WASHINGTON — In two stops at Michigan auto plants — one including a rare test drive — President Barack Obama declared the federal rescue of domestic automakers a success Friday, delivering a message to “naysayers” who have criticized a robust government role.
“A lot of folks were skeptical,” Obama said, noting that he preferred government not be in the auto business. “But I believed that if each of us were willing to work and sacrifice in the short term — workers, management, creditors, shareholders, retirees, communities — it could mark a new beginning for a great American industry.”
The trip is part of a White House effort to highlight what it sees as a major economic success story, though it played out against the backdrop of disappointing news of slower-than-expected economic growth.
The message Obama brought Friday at Chrysler and General Motors plants is one he’ll repeat next week on a visit to a Ford plant in Chicago.
“Last year, many thought this industry would keep losing jobs, as it had for the better part of the past decade,” the president said. “Today, U.S. automakers have added 55,000 jobs since last June, the strongest job growth in more than 10 years in the auto industry.”
Obama received a thunderous welcome at each stop to greet more than a thousand plant workers and labor officials who benefited from the administration’s decision to spend $60 billion as part of its rescue plan. Many workers, including at least one who had voted for Obama’s 2008 Republican opponent, John McCain, credited the investment with saving their jobs.
“We needed this, to keep the city going,” said Wanda Carlisle, a 16-year veteran of the Chrysler plant.
At a stop at the GM facility in Hamtramck, Obama made a campaign-style appeal to workers, saying that he had stood with them, while Republicans would have let their jobs disappear.
“We made the decision to step in. And the reason I did that was because I had confidence in you. I had faith in you. Because I believe that the American worker is the best worker on earth,” he said.
At a White House briefing Thursday, the president’s auto industry advisers asserted that 1 million jobs were saved because of the government’s actions to save GM and Chrysler. Ford Motor Co., meanwhile, benefited with only limited direct aid because dependent industries, like parts suppliers, were able to remain open.
“I think there’s no question that the president’s intervention helped the entire industry,” said Ron Bloom, a senior Treasury Department adviser.

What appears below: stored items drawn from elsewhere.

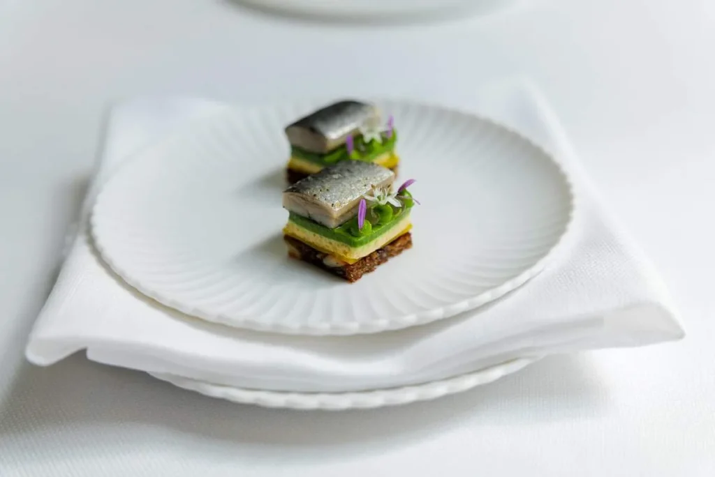 Bismarckherring: syltet sild med egg og gulbete. Igjen en ingrediens du ikke venter å få på en tostjerners restaurant. Skal si brødrene er flinke til å gjøre gull ut av tradisjonsmat. Det burde noen gjøre her hjemme i Norge også.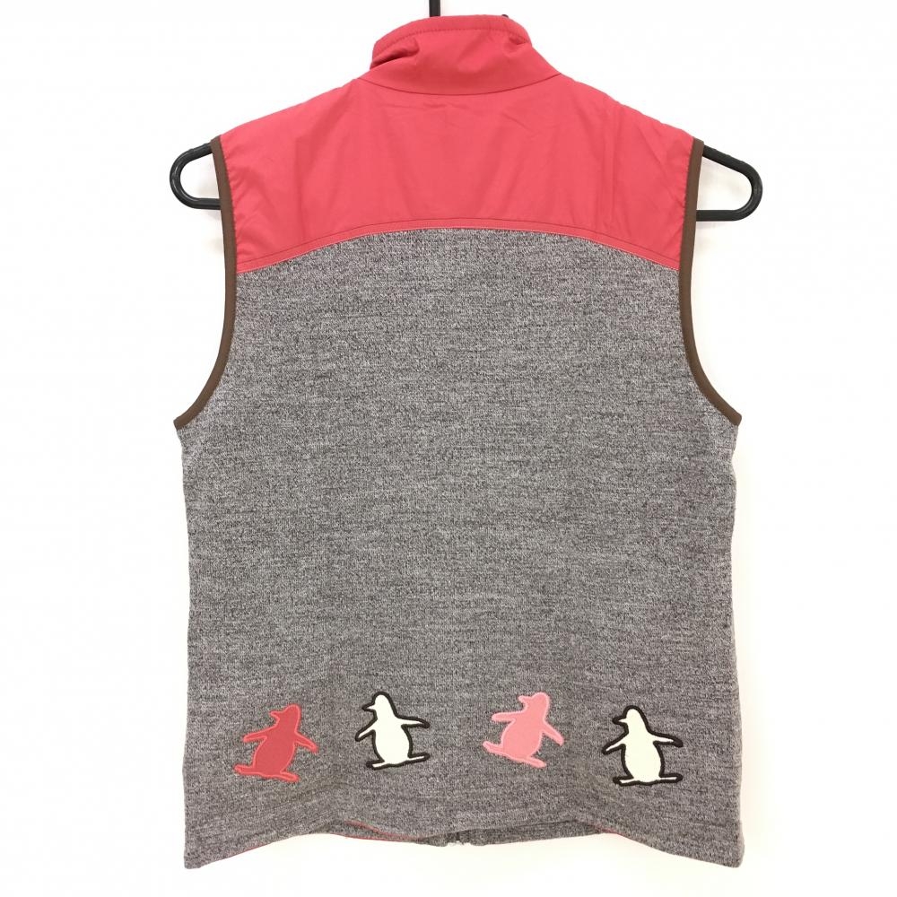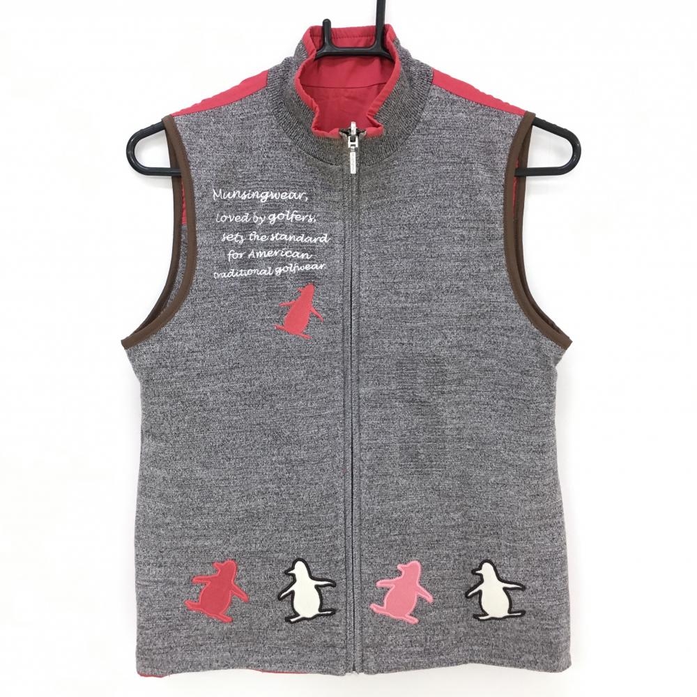 マンシングウェア アウターベスト ピンク×グレー ハイネック ロゴ刺しゅう 異素材切替 レディース M ゴルフウェア Munsingwear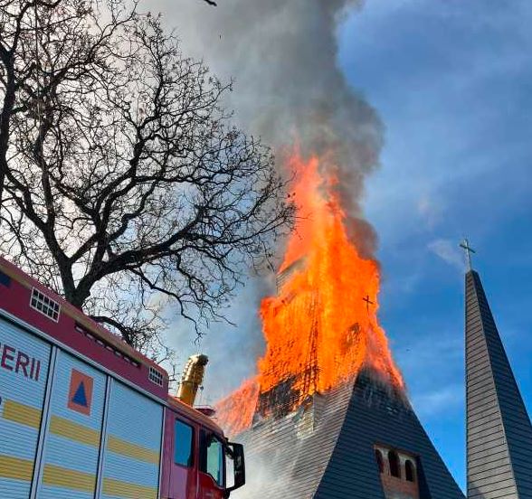 O biserică din România, cuprinsă de flăcări! Pompierii intervin de urgență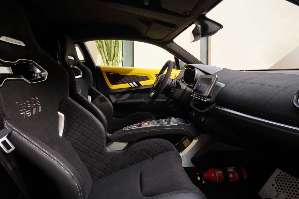 Um número 7 colocado na luz traseira do lado do condutor leva-nos a uma viagem ao passado, uma vez que esse foi o número usado por um dos A110 que competiu no Tour de Corse, conhecido também por rali das 10.000 curvas. Aumentando o espírito de competição, a Alpine adicionou também assentos com arnês, reforçando o elemento “rali” do A110 Tour de Corse.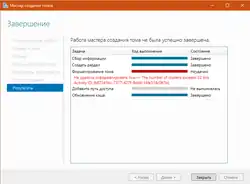 | Размер тома | теоретически — 264 — 1 кластер; разметка диска в стиле MBR позволяет создавать разделы, размеры которых не превышают 2 ТБ; чтобы обойти это ограничение, необходимо использование динамических дисков или разметки GPT (используя GPT, можно создать разделы диска размером до 9.4 ЗБ (9.4 × 1021 байт); выбор стиля разметки предоставляется при инициализации (первоначальной разметке) диска, начиная с версии Windows Server 2003 SP1, Windows XP x64 Edition, Windows Server 2003 x64 Edition и все версии NT выше 6.0[15]![]() При попытке создать том большего размера, том создаётся, но при форматировании в NTFS с размером кластера 64 кб выдаётся ошибка: The number of clusters exceeds 32 bits (Количество кластеров превышает 32 бита). минимальный размер тома: 8 МиБ |
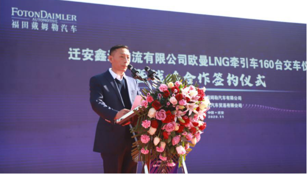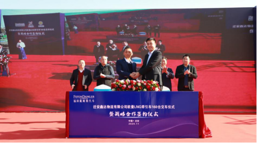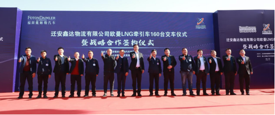 2020年11月13日,福田戴姆勒汽車與遷安鑫達(dá)物流有限公司成功舉辦“歐曼LNG牽引車160臺(tái)交車暨戰(zhàn)略合作簽約”儀式。本次交付的全新一代國六大馬力歐曼LNG重卡,以氣耗更省、自重更輕、安全更優(yōu)、品質(zhì)更可靠、駕駛更舒適、服務(wù)更無憂的產(chǎn)品優(yōu)勢(shì),滿足用戶對(duì)高品質(zhì)LNG重卡的需求,以整車全生命周期更優(yōu)TCO助力客戶降本增效。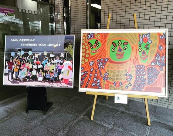 BSN新潟放送では、2021年5月から本社正面玄関に「まちごと美術館 ことこと」さんの障がい者アートを設置し、自社のSDGsの取り組みを可視化しました。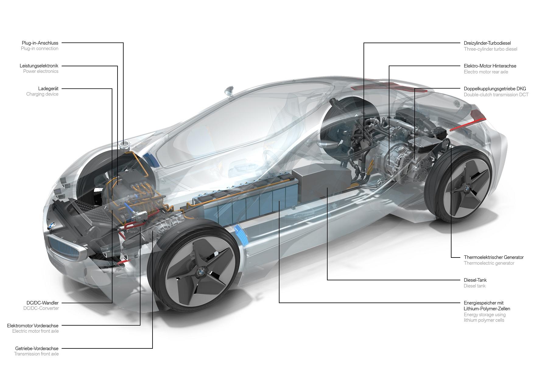 Das BMW Vision EfficientDynamics Concept Car kann die drei Motoren auf jede denkbar Art miteinander kombinieren. Sowohl ein rein-elektrischer Betrieb als auch ein reiner Diesel-Betrieb sind möglich. Dazu kommt natürlich der eigentliche Normalfall, dann arbeiten sowohl die Elektromotoren als auch der Dieselmotor als Hybrid zusammen.

All three U.S. auto companies have posted profits this year.
The administration message is meant to counter the drumbeat of criticism from Republicans and conservatives about excessive government intervention.
“I’m not sure he realizes that his tax, borrow and spend policies will probably prolong Detroit’s recovery,” said Saul Anuzis, former chair of the Michigan Republican Party.
Obama’s second stop included a rare presidential fete — an opportunity to get behind the wheel and drive, if only for a few seconds. Obama, very slowly, test drove the new Chevy Volt being produced at the plant.